Qu'est-ce qu'une sécheresse chaude ?
Pour cette étude, les chercheurs ont défini une sécheresse chaude comme une période où au moins deux semaines de précipitations anormalement faibles coïncident avec au moins trois jours consécutifs de températures exceptionnellement élevées. Ce phénomène amplifie les effets négatifs de la chaleur et du manque d'eau.
L'été 2023 : un cas d'école
L'été 2023 a servi de modèle pour les chercheurs en raison de son intensité exceptionnelle. La région a connu une sécheresse chaude dont la sévérité a été près de cinq fois supérieure à la moyenne des quarante dernières années. Les températures diurnes, qui se situent normalement entre 35 et 40 degrés Celsius, ont grimpé jusqu'à 8 degrés de plus.
Cette situation a été principalement causée par des schémas météorologiques qui ont affaibli la mousson nord-américaine. Ce phénomène saisonnier, qui se déroule de juillet à septembre, apporte habituellement entre 40 % et 80 % des précipitations annuelles de la région. Son affaiblissement a aggravé la sécheresse déjà en place.
« Le manque de précipitations peut augmenter la chaleur, ce qui peut encore intensifier la perte d'eau », note Somnath Mondal, hydroclimatologue à la Northeastern University et co-auteur de l'étude.
Le rôle crucial des sols mexicains
L'une des découvertes les plus surprenantes de l'étude est l'influence prépondérante des sols mexicains. Normalement, l'humidité évaporée des sols au Mexique contribue à former des nuages de pluie qui se déplacent vers le nord. En 2023, les sols mexicains étaient si secs que ce cycle a été interrompu, propageant la chaleur et la sécheresse au-delà de la frontière.
L'analyse a révélé que l'état des sols au Mexique avait une influence plus forte sur la sécheresse chaude en Arizona que l'état des sols en Arizona même. « En 2023, le Mexique a influencé la sécheresse chaude de l'Arizona de manière plus marquée que le sol de l'Arizona lui-même », a précisé Somnath Mondal, ajoutant avoir vérifié ce calcul à cinq reprises.

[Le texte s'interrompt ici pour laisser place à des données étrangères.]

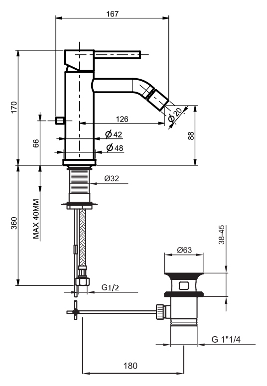 Смеситель для биде Webert Elio EL840102015 однорычажный, устанавливаемый в одно отверстие, с донным клапаном.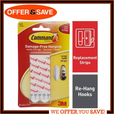 3M Command White Small Refill Strips, 17022P, 16/Pack, Holds Up to 450g, Damage Free, Holds Strongly
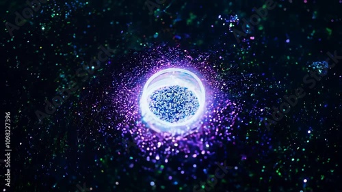 The watermark will not be included on Wall mural.: Cosmic genesis: a mesmerizing cosmic egg, glowing with vibrant purple and blue energy, floats amidst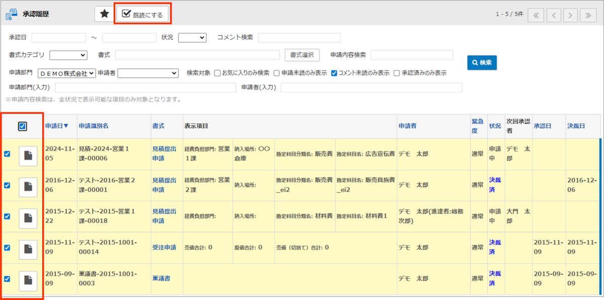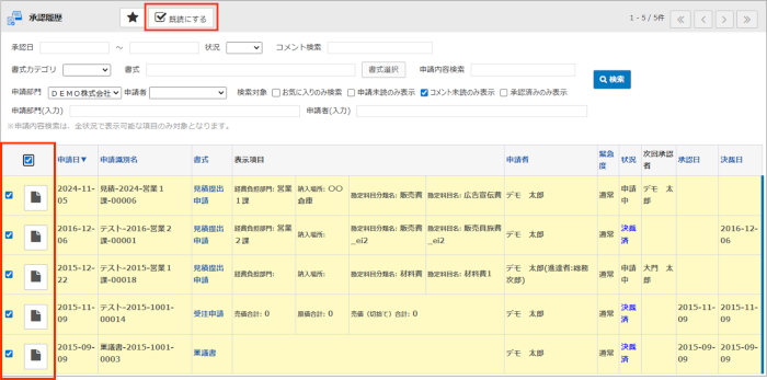 共有コメントを既読にしたい申請にチェックし、「既読にする」ボタンをクリックすることで、一括既読が可能です。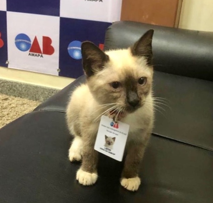 В офіс Бразильської асоціації адвокатів забрів кошеня, рятуючись від дощу. Його не тільки прихистили і нагодували, але і прийняли в штат». Малюкові дали ім'я Леон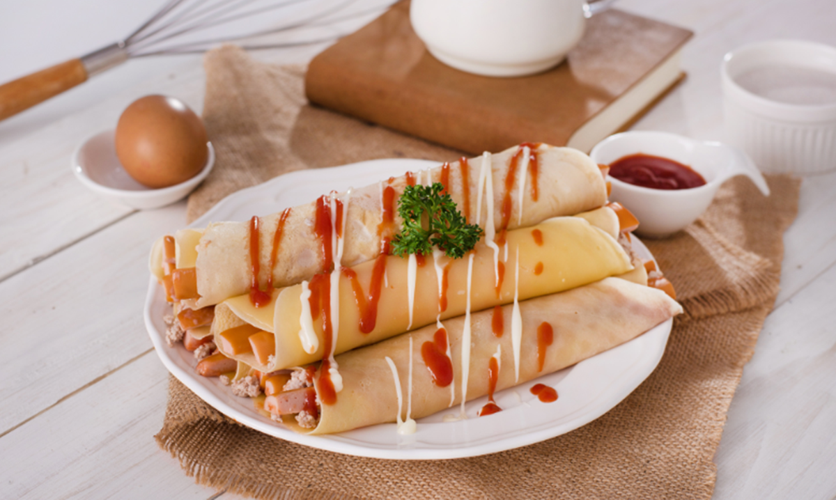 - เมื่อแป้งสุกแล้ว (ใช้เวลาประมาณ 1-2 นาที) นำเอามายองเนสและซอสมะเขือเทศปาดลงบนแผ่นแป้ง แล้วจึงนำไส้กรอก หมูสับมาใส่ตรงกลางไส้ เสร็จแล้วค่อยๆ ม้วนโตเกียวยักษ์บนกระทะให้สวยงาม แค่นี้ก็พร้อมเสิร์ฟความอร่อยชิ้นโตกันได้แล้ว

Des nuits qui ne rafraîchissent plus
Un autre constat alarmant concerne les températures nocturnes. Traditionnellement, dans les climats désertiques, la chaleur accumulée pendant la journée se dissipe après le coucher du soleil. Cependant, lors d'événements extrêmes comme celui de 2023, la chaleur est si intense qu'elle persiste durant la nuit.
Cette chaleur nocturne résiduelle s'ajoute à celle du jour suivant, créant un cycle d'intensification qui peut durer des semaines. Les chercheurs ont observé que ce phénomène est de plus en plus fréquent depuis 40 ans, y compris dans les zones rurales qui retiennent habituellement moins la chaleur que les zones urbaines.
Impact sur la santé publique
L'absence de refroidissement nocturne augmente considérablement les risques pour la santé, comme les coups de chaleur et la mortalité liée à la chaleur. Les travailleurs en extérieur et les randonneurs, même ceux qui commencent leurs activités tôt le matin pour éviter les pics de chaleur, sont de plus en plus en danger.
Vers des systèmes d'alerte précoce
Les conclusions de l'étude ouvrent la voie à de nouvelles stratégies de prévention. En surveillant l'humidité des sols dans les régions en amont, comme le nord du Mexique, il serait possible d'anticiper l'arrivée d'une sécheresse chaude dans les régions en aval.
De tels systèmes d'alerte permettraient aux communautés de se préparer en amont, par exemple en limitant les heures de travail en extérieur, en protégeant les personnes vulnérables et en ouvrant des centres de rafraîchissement. « Nous avons besoin de systèmes pour nous alerter des sécheresses chaudes, tout comme nous avons des systèmes qui nous alertent des ouragans », insiste Enrique Vivoni.
Les chercheurs prévoient de développer des modèles pour mieux comprendre la physique de la propagation de ces phénomènes. Ils souhaitent également déterminer si ce transfert de sécheresse chaude se produit dans d'autres régions arides et moussonnières, comme à la frontière entre l'Inde et le Pakistan.
Cette recherche souligne une réalité fondamentale de notre époque : les phénomènes climatiques ne connaissent pas de frontières nationales. « Nous sommes plus interconnectés que nous ne le pensions », conclut Enrique Vivoni, rappelant l'urgence d'une coopération internationale pour faire face aux impacts croissants du changement climatique.